**What is required**:
Your answer must be the lines from the one containing "Elegant Farbblock Geknöpft" through the last line below, copied exactly, with no pictures.

########

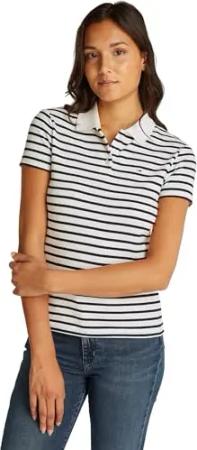 Damen Tjw Slim Essential Dw0dw20160 S/S Poloshirt, White (Ecru/Navy Stripe), XXS EU
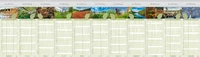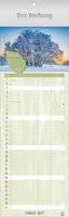 Titelblatt, 12 Monatsblätter, Rückwand, Klappfälzel / Format: 15,5 x 48,5 cm (Werbefläche: 15,5 x 6cm)
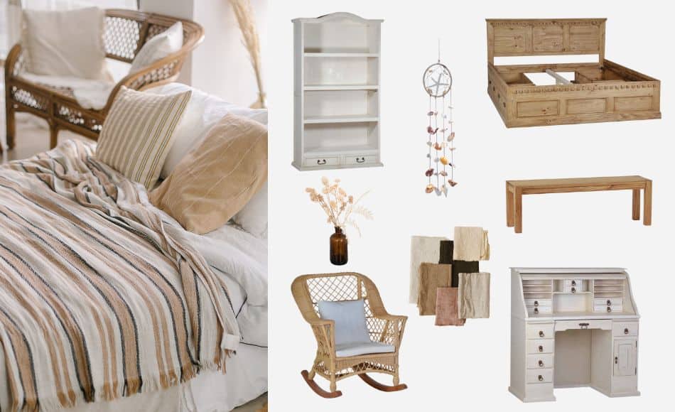 Die Zutaten dafür bauen auf dem Grundprinzip auf: Farben der Beach House Palette wählen, bodenlange Leinen- oder Baumwollstores und gezielt gewählte Möbel. Auch hier gibt es mehrere Möglichkeiten. Rattanbetten greifen das natürliche Gefühl gekonnt auf, hier gerne auf gedeckte Töne zurückgreifen wie Seegras oder Kuburattan, da die Grautöne besonders naturnah wirken und Ruhe ausstrahlen. Kombiniert mit Leinenbettwäsche schafft man eine Ton-in-Ton-Kombination, die besonders einladend wirkt und Ruhe ausstrahlt. Dazu passen Schränke und Kommoden in hellem Holz wie beispielsweise Eiche oder Parota.
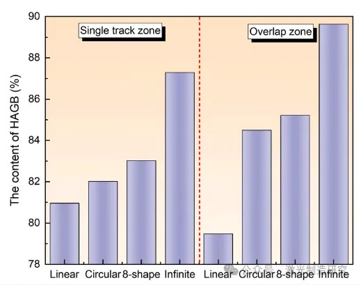 图 7. 不同振动的高角度晶粒边界 (HAGB) 含量。左侧区域为单轨区,右侧区域为重叠区。
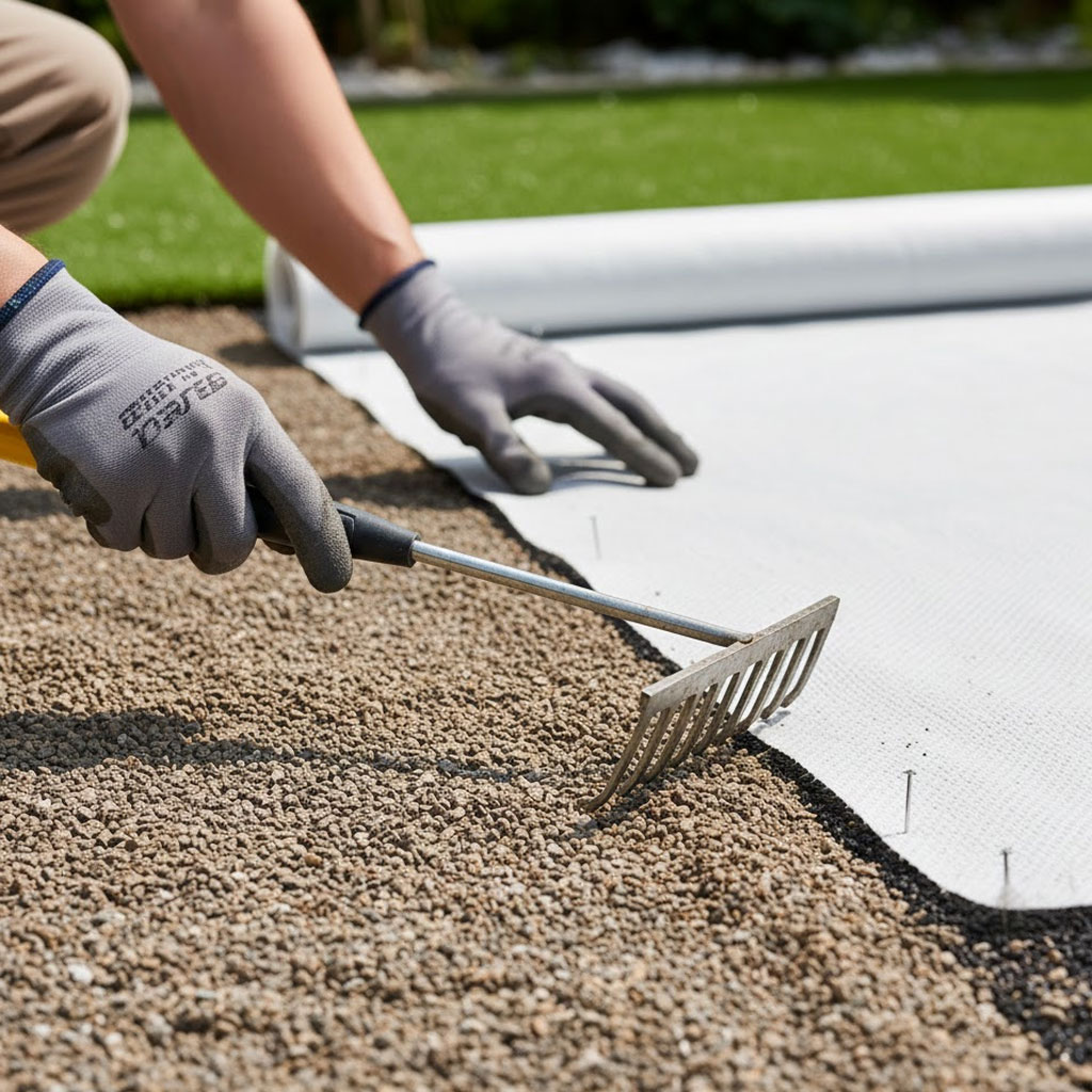 Préparation complète du sol, nivellement, géotextile et pose du gazon pour un rendu plus vrai que nature.Pose sur terrasse ou balcon
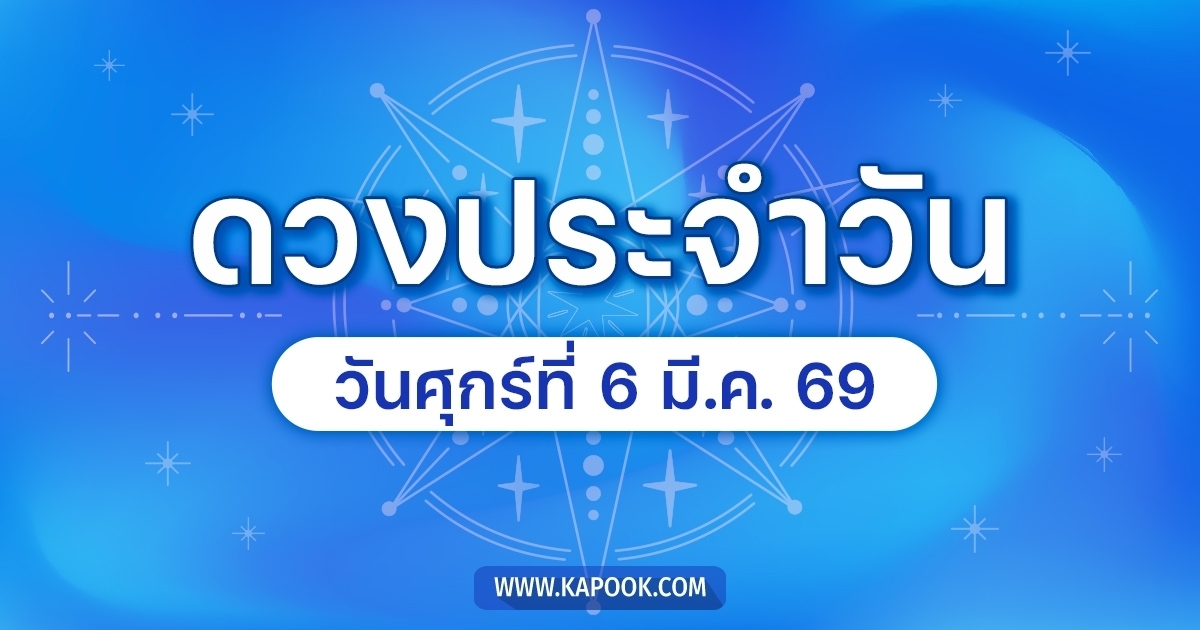 ดูดวงรายวัน ดวงวันนี้แม่น ๆ ฟรี ประจำวันศุกร์ที่ 6 มีนาคม 2569 ตรงกับวันแรม 3 ค่ำ เดือน 4 ปีมะเส็ง จ.ศ. 1387 ค.ศ. 2026 ทั้งดูดวงความรัก ดวงเนื้อคู่ การเงิน การงาน สุขภาพ ชีวิต และครอบครัว สำหรับท่านที่เกิดวันจันทร์-อาทิตย์ และผู้ที่ชื่นชอบการตรวจดวงชะตา และอยากรู้ชะตาชีวิตวันนี้เป็นอย่างไร ตามไป ดูดวงรายวัน กันเลย
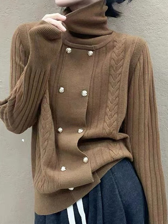 Elegant Farbblock Geknöpft Schalkragen Pullover
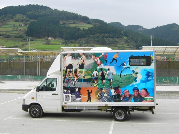 Vechículo de la Diputación Foral de Bizkaia en donde realiza reconomientos médicos a deportistas amateurs y que vendrá también a Ermua
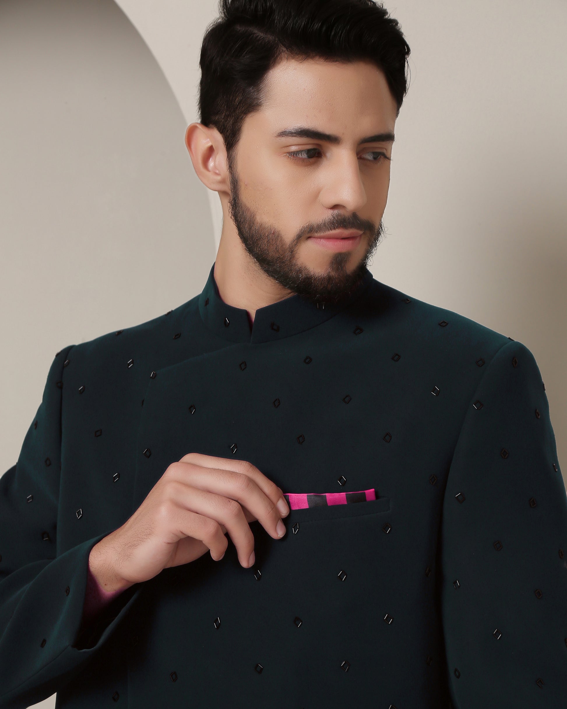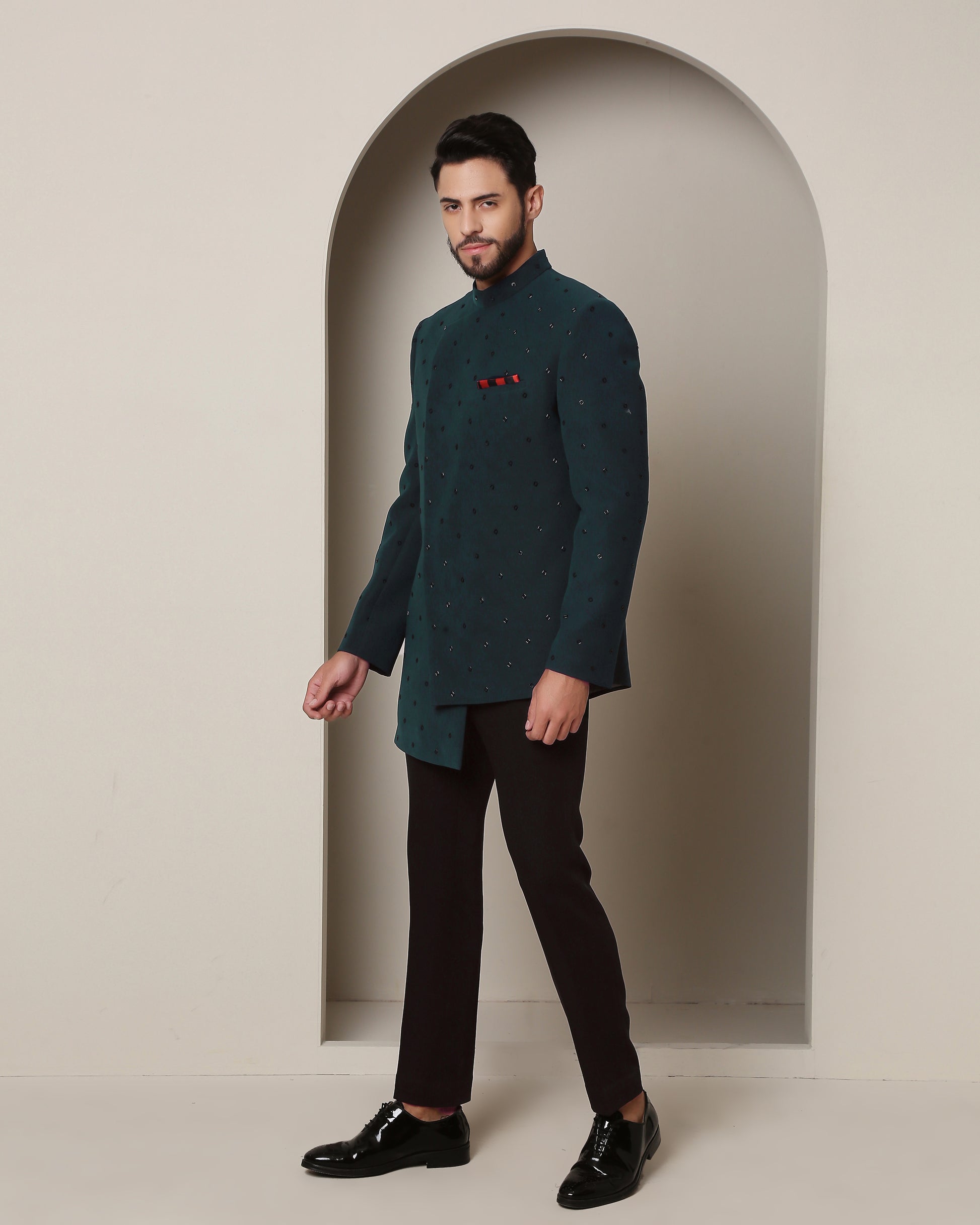 Teal Angrakha-style bandhgala with asymmetrical hem. Enhanced by sleek black shiny embroidery. Paired elegantly with matching trousers for refined charm.
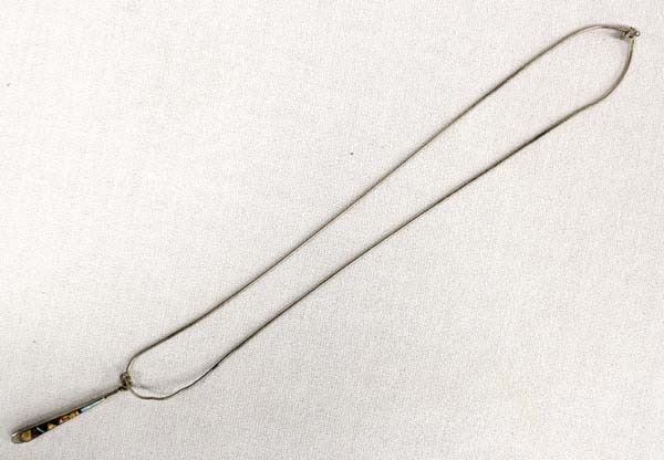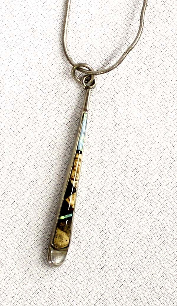 Beautiful Native American Navajo Sterling Inlay Necklace by Calvin Begay, sterling chain measures 19''L end to end and pendant measures 2''L, inlay includes opal and jasper, hallmarked and stamped sterling, ''Calvin Begay is an award winning artist, jeweler, designer and master craftsman.''
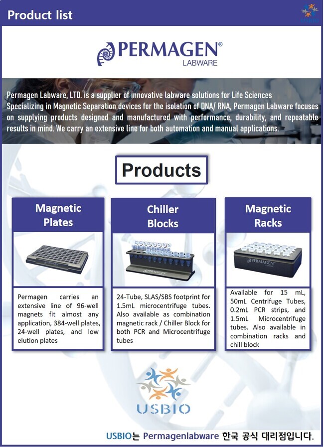 Permagen Labware은 생명과학 시장에 고부가가치 제품을 내놓는데 주력하는 기업으로 DNA, RNA 등의 분리를 위한 마그네틱 비드 분리 장치를 전문으로 하고 있습니다.
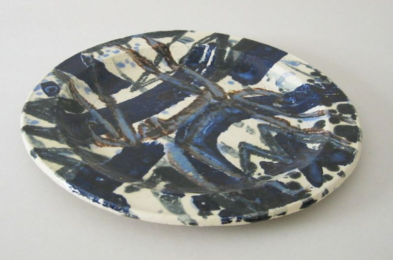 Fayence (weiß), bemalt (schwarz und blau)

########

**Solution for this problem**:
 Elegant Farbblock Geknöpft Schalkragen Pullover
 Vechículo de la Diputación Foral de Bizkaia en donde realiza reconomientos médicos a deportistas amateurs y que vendrá también a Ermua
 Teal Angrakha-style bandhgala with asymmetrical hem. Enhanced by sleek black shiny embroidery. Paired elegantly with matching trousers for refined charm.
 Beautiful Native American Navajo Sterling Inlay Necklace by Calvin Begay, sterling chain measures 19''L end to end and pendant measures 2''L, inlay includes opal and jasper, hallmarked and stamped sterling, ''Calvin Begay is an award winning artist, jeweler, designer and master craftsman.''
 Permagen Labware은 생명과학 시장에 고부가가치 제품을 내놓는데 주력하는 기업으로 DNA, RNA 등의 분리를 위한 마그네틱 비드 분리 장치를 전문으로 하고 있습니다.
 Fayence (weiß), bemalt (schwarz und blau)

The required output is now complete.